So, to get back to a more classically styled set, we have Simplicity 1784 (I already told you I like my skirts long):
Take a good look at the suggestions shown in the line art (on the right side)... a textured grey skirted suit, a white blouse, a pink blouse, a patterned pink/white/black skirt, and a pair of black pants. With just the items as shown you could combine this into a variety of looks.

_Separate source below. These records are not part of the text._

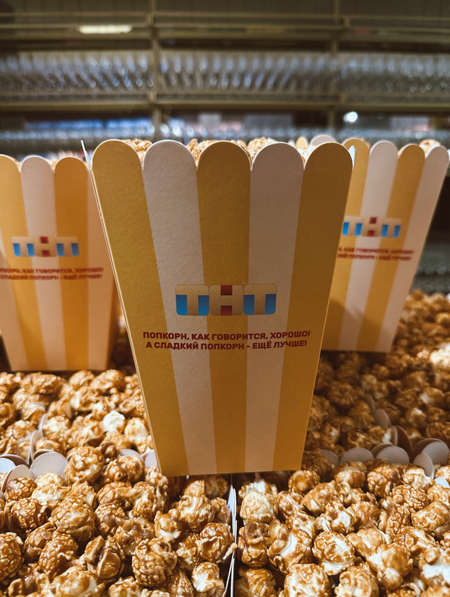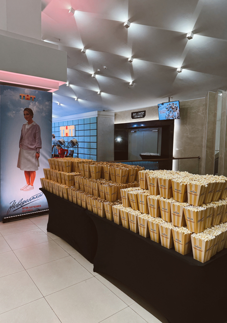Внутри гостей встречали крупные экранные стенды с персонажами, единообразная айдентика на афишах и программах, а также насыщенная welcome-зона с шампанским и ассорти попкорна.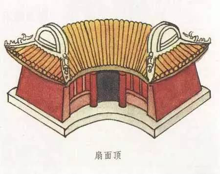 扇面頂和萬(wàn)字頂一樣,是一種非常別致的屋頂形式,扇面頂顧名思義,就是扇面形狀的屋頂形式,其最大特點(diǎn)就是前后檐線呈弧形,弧線一般是前短后長(zhǎng),即建筑的后檐大于前檐。建筑的西山墻的墻線若向內(nèi)延伸,可以交于一點(diǎn),而這一點(diǎn)就是扇形的扇子柄端。扇面頂?shù)膬啥丝梢宰龀尚?、懸山,也可做成卷棚形式。扇面頂一般都用在形體較小的建筑中,會(huì)讓建筑看起來(lái)更為小巧可愛(ài)。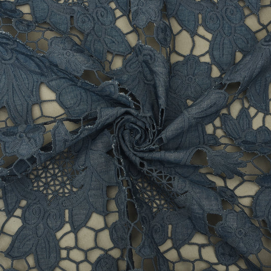 Sold outDenim Crosia Embroidery Fabric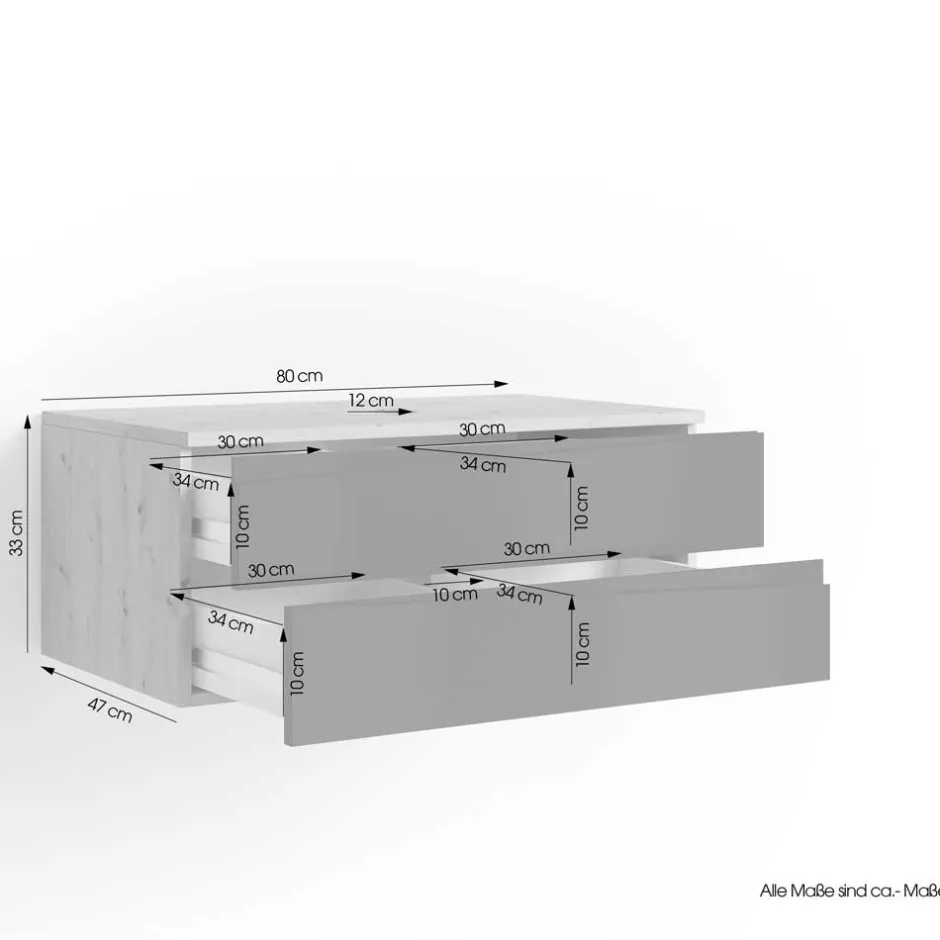 - Innenmaße Schubladen (BxHxT): ca. 29,8×9,7×33,7 cm mit Aussparung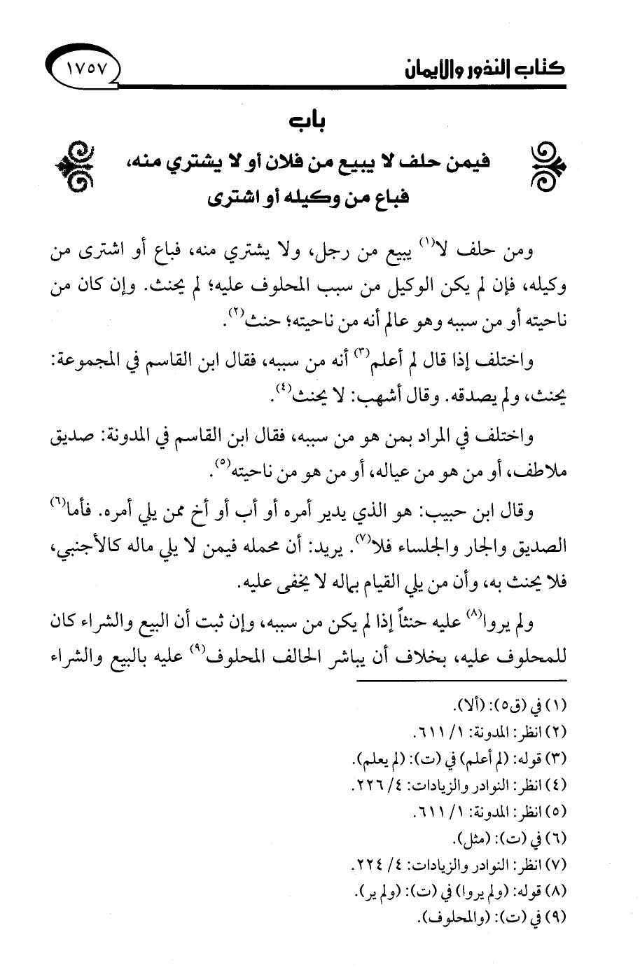 (¬7) انظر: النوادر والزيادات: 4/ 224.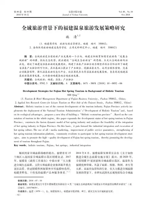 关键词:福州温泉;温泉旅游开发;可持续发展随着我国旅游业向纵深层次发展,旅游、休闲、度假需求急速膨胀,“休闲时代”呼之欲出,集旅游、休闲、健身于一体的温泉旅游消费需求迅猛增长。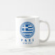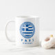 Paxi, tazón de café de Grecia con la bandera nacional de Grecia dentro de un diseño de círculo azul con un patrón clave griego. Esta taza es perfecta para que disfrutes tomando tu café mientras estás de vacaciones en Paxi, Grecia o si estás orgulloso de ser de Paxi.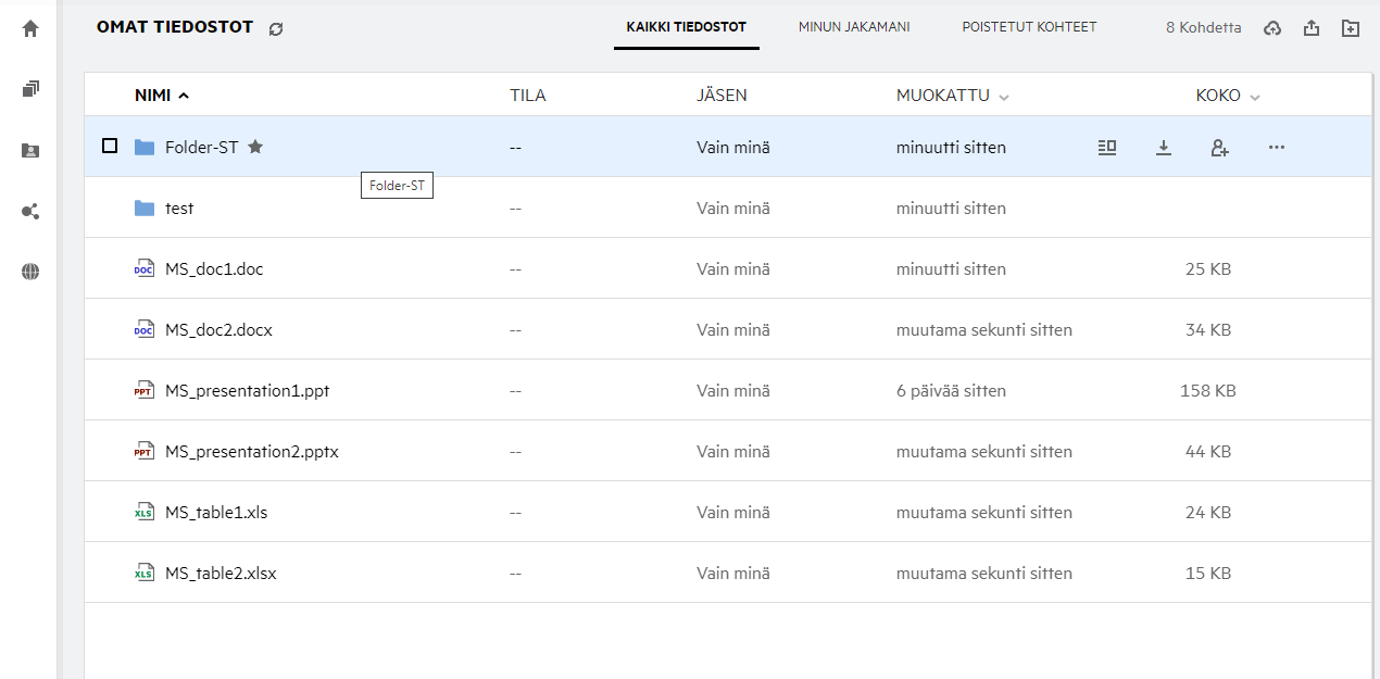 Nähdäksesi Omat tiedostot -alueen, napsauta vasemman sivupalkin kuvaketta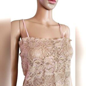This lace camisole is in excellent condition, no tears or stains. It's a soft, taupe color with contrasting pink. It's definitely see through, so this is a great layering piece, unless you're planning to free the nipple!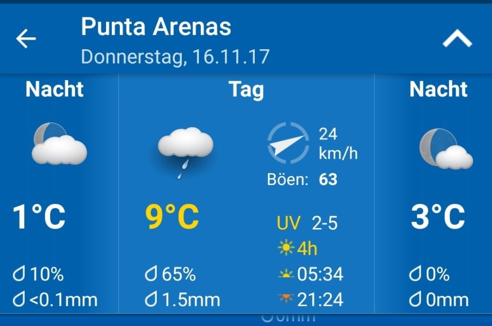 Nächste Etappe 947 sm (1.754 km) bis Puerto Montt, Chile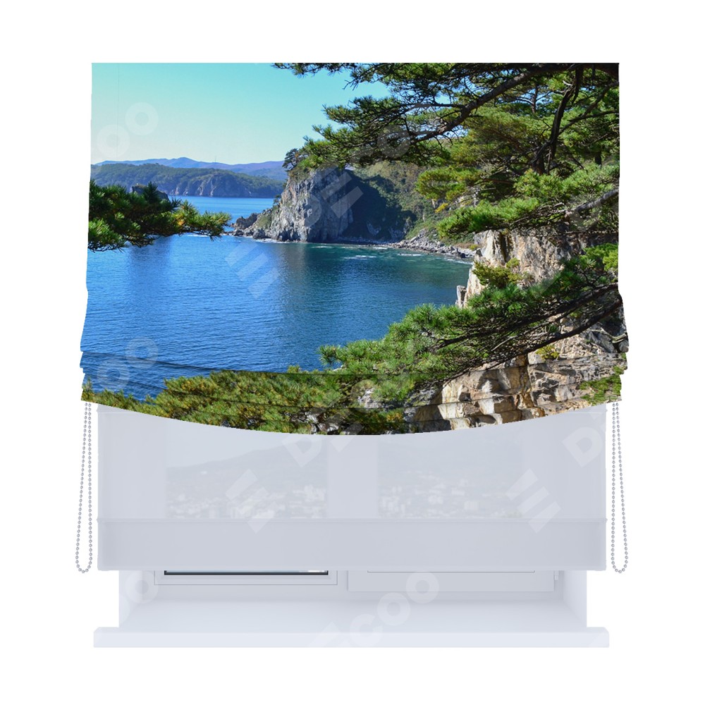 Римская штора день-ночь производителя «Cortin», используется для проёма, пошита из двух полотен, с лицевой блэкаут с нанесением сублимационной печати «Море и сосны», вторая ткань тюль (по стандарту комплектуется тюль белого цвета артикул V-01). Имеет универсальный механизм и подходит для монтажа: на потолок, на стену и в нишу. Удобное управление каждой шторой отдельно.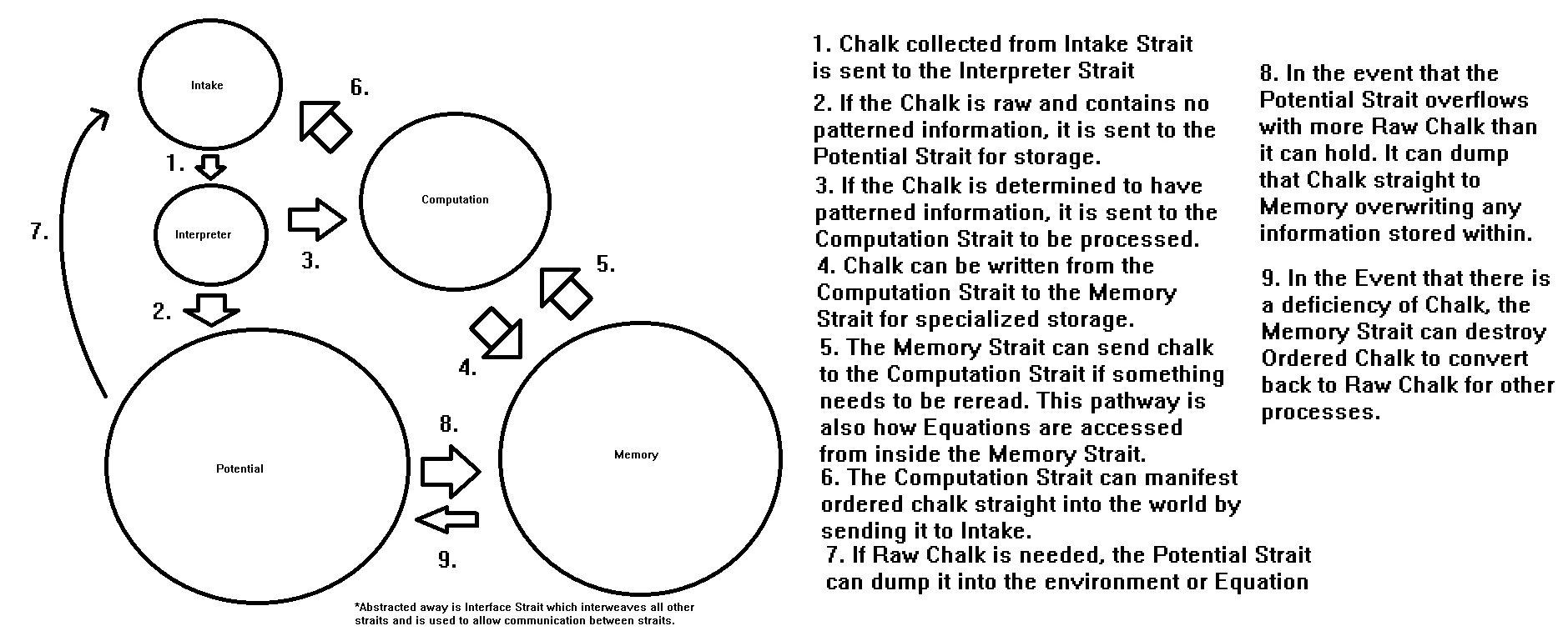 The graphic above depicts the workings of the Five Straits, a critical physiological component of the third kin denizens of the Switchboard. It illustrates the workings of the straits with regards to how they interact with each other, and the emergent functionality that allows the denizens of the Switchboard to act as they do.

Most of the time, you will not be so lucky as to have an entirely self contained "wardrobe in a single pattern set". Perhaps the entire planned wardrobe will not be to your taste, or it could just be you need some more options to fill the set out...
As mentioned, most of the time you will either use items you already own, or buy items that are outside your interest or skill level to make (For instance: I have NO interest in sewing a turtleneck sweater, but I do like to wear them).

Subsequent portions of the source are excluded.